テストで呼び出すORDSのREST APIの権限の名前はmyordsappに変更します。Microsoft Entra IDよりAPIの公開を行い、スコープとして割り当てる名前もmyordsappとします。
以上でテストに使用するAPEXアプリケーションの準備はできました。
Microsoft Entra IDにアプリを登録します。
AzureのコンソールからMicrosoft Entra IDの画面を開きます。
サイド・メニューよりアプリの登録を開きます。
新規登録をクリックします。
Microsoft Entra IDに登録するアプリケーションの名前はORDS JWT Testとします。サポートされているアカウントの種類はこの組織ディレクトリのみに含まれるアカウント(既存のディレクトリのみ - シングル・テナント)を選んでいますが、これは契約に依存するかと思います。今回の作業は、Microsoft Entra IDの無料枠の範囲で実施しています。
アプリケーションのタイプとしてWebを選択し、リダイレクトURIは以下を指定します。
https://[ホスト名]/ords/apex_authentication.callback
以上を設定し、登録をクリックします。
アプリケーションが登録されます。
画面に表示されているアプリケーション(クライアント)IDは、APEXのWeb資格証明の作成時にクライアントIDとして与える値になります。コピーして保存しておきます。
証明書またはシークレットの追加をクリックし、シークレットを作成します。
概要に戻り、エンドポイントを開きます。
APIの公開を開き、Scopeの追加をクリックします。
アプリケーションIDのURIの設定を求められます。この値はJWTのaud属性の値、つまりaudienceの値になります。
保存してから続けるをクリックします。
以上で、スコープの追加をクリックします。
スコープが追加されます。追加されたスコープ(api:で始まる値)をコピーして保存します。この値は、APEXアプリケーションの認証スキームの有効範囲に設定します。
Microsoft Entra IDでの作業は以上です。
Microsoft Entra IDが発行するトークンを保存するWeb資格証明を作成します。
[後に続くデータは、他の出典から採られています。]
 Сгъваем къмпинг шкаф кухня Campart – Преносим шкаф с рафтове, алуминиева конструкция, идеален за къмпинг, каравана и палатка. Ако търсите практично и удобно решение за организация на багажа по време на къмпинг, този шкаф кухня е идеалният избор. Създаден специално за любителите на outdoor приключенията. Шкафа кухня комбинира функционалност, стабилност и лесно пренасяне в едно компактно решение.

名前はMicrosoft Entra ID JWT Test、静的IDはMS_ENTRA_JWT_TESTとします。
認証タイプとしてOAuth2クライアント資格証明フローを選択し、クライアントIDまたはユーザー名およびクライアント・シークレットまたはパスワードとして、Microsoft Entra IDのアプリのアプリケーション(クライアント)IDとシークレットを設定します。
APEXアプリケーションORDS JWT Testの共有コンポーネントの認証スキームを開きます。
認証スキームの一覧より、作成をクリックします。
次へ進みます。
認証スキームの名前はMicrosoft Entra IDとし、スキーム・タイプにソーシャル・サインインを選択します。
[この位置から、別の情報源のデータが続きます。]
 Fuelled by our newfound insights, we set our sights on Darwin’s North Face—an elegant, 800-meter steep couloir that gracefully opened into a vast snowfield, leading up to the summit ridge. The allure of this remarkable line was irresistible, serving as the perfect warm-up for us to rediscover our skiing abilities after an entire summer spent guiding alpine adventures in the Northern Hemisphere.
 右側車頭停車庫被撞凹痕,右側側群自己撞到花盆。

設定の資格証明ストアはMicrosoft Entra ID JWT Test、認証プロバイダはOpenID Connectプロバイダ、検出URLはMicrosoft Entra IDのエンドポイントで確認したOpenID Connectメタデータドキュメントの値を設定します。有効範囲はprofile,email,につづけてapi:で始まるスコープを設定します。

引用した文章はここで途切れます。